The tax authority has established an order
In practice, it results from the above provisions that, when determining the costs of selling shares or ownership interests, a company must be guided first of all by the rule of directly assigning costs to revenue obtained, while the other methods are applied only when such a direct assignment is not possible. The priority of this principle is confirmed in an interpretation of the Tax Chamber in Łódź of 24 September 2013 (IPTPB3/423-256/13-2/MF) and elsewhere. The authority was responding to a query by a domestic company planning to dispose of some of its interests in a Cypriot company. The applicant had acquired these in various forms at various times, but all of the interests were identified and had costs of acquisition ascribed to them. It was therefore possible to precisely determine which of them had been sold. The Tax Chamber stated categorically that if an entity “is able to connect each interest sold with a historical costs of its acquisition, all considerations on applying the FIFO method or another method not specified in the CIT Act for the purpose of recognising the costs of obtaining revenue from the paid disposal of the interests in the Cypriot company are unnecessary and groundless”.

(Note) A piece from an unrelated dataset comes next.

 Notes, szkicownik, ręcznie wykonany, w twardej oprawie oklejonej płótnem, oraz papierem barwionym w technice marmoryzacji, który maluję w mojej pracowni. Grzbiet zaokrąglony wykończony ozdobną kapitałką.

Such an unequivocal stance also find confirmation in the interpretation of the Tax Chamber in Poznań of 13 November 2009 (ILPB3/423-665/09-2/ŁM). In that ruling we read: “Where it is possible to directly ascribe costs to revenue obtained from the sale of specific shares, the company should apply the rules referred to above from the provisions of the Corporate Income Tax Act. (...) when applying other methods to determine the amount of income, the company should give priority to the rules contained in the Corporate Income Tax Act and the secondary legislation to that act”.
Note! The method of direct assignment can (and should) be applied within the scope within which it is possible to directly ascribe costs incurred to revenue earned. This is possible in the case of a sale of shares in a joint-stock company. Such shares are dematerialised and numbered, and so it is possible to identify the purchase price of individual securities.
Particular circumstances
The method of direct assignment, however, need not be applied to ownership interests in limited liability companies or, in particular circumstances, to shares, e.g. when shares purchases are assimilated, as a result of which shares of a new issue are joined together with a basic issue. In the view of the tax authorities, in such a case the method foreseen in the Accounting Act (compare the interpretation of the Tax Chamber in Poznań of 13 November 2009, ILPB3/423-665/09-2/Ł) should be used. From an interpretation of the Tax Chamber in Warsaw of 5 May 2011 (IPPB3/423-164/11-2/AG) it results that if an applicant has no objective possibility of stating which investments from a pool of identical interests or securities are the subject of a specific paid sale (in-kind contribution), “it may determine the cots of earning revenue (...) by applying one of the methods specified in Article 34 par. 4 pt. 1-3 of the Accounting Act (average weighted, FIFO or LIFO method). It is a condition here that such a method be applied invariably throughout the tax year”.
CONCLUSION
A limited company which cannot identify ownership interests sold in a given transaction, and which therefore cannot determine the actual cost of acquiring or taking them up, may for tax purposes apply an accounting method – FIFO, LIFO or average weighted. Those methods cannot be applied when it is possible to precisely determine the costs of acquiring the interests and which of them were sold.